WHAT THIS TASK INVOLVES: Using the listing below, output only the lines from the one that contains "2023-05-11 09:00:07 |" through the one that contains "CFO บางจากฯ ติดอันดับ", inclusive, exactly as given and without images.

INPUT FOR THIS TASK:
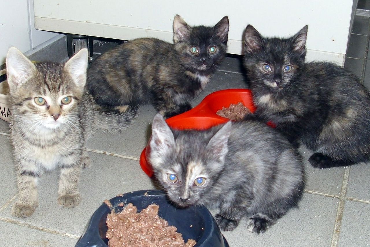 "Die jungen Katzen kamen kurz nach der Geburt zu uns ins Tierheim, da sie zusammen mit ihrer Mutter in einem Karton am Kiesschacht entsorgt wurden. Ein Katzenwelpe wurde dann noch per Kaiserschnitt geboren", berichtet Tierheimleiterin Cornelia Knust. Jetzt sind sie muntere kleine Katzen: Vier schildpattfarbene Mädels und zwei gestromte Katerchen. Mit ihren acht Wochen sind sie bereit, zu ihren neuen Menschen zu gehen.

--

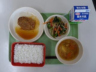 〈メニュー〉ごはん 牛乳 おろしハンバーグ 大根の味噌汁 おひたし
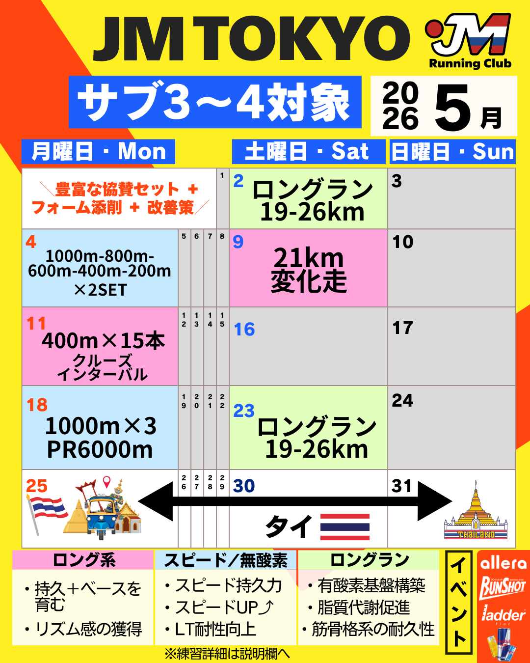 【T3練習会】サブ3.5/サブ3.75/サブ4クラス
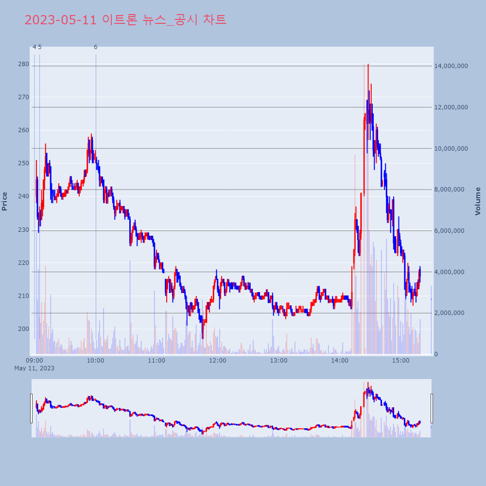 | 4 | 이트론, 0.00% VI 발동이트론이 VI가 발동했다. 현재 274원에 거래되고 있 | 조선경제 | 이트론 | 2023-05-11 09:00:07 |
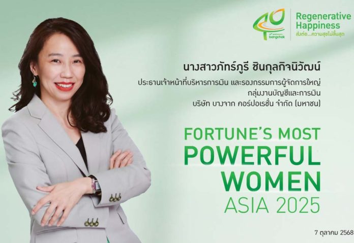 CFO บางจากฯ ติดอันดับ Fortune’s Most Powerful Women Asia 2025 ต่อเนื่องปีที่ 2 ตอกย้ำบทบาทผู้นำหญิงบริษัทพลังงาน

COMPLETED EXERCISE:
 | 4 | 이트론, 0.00% VI 발동이트론이 VI가 발동했다. 현재 274원에 거래되고 있 | 조선경제 | 이트론 | 2023-05-11 09:00:07 |
 CFO บางจากฯ ติดอันดับ Fortune’s Most Powerful Women Asia 2025 ต่อเนื่องปีที่ 2 ตอกย้ำบทบาทผู้นำหญิงบริษัทพลังงาน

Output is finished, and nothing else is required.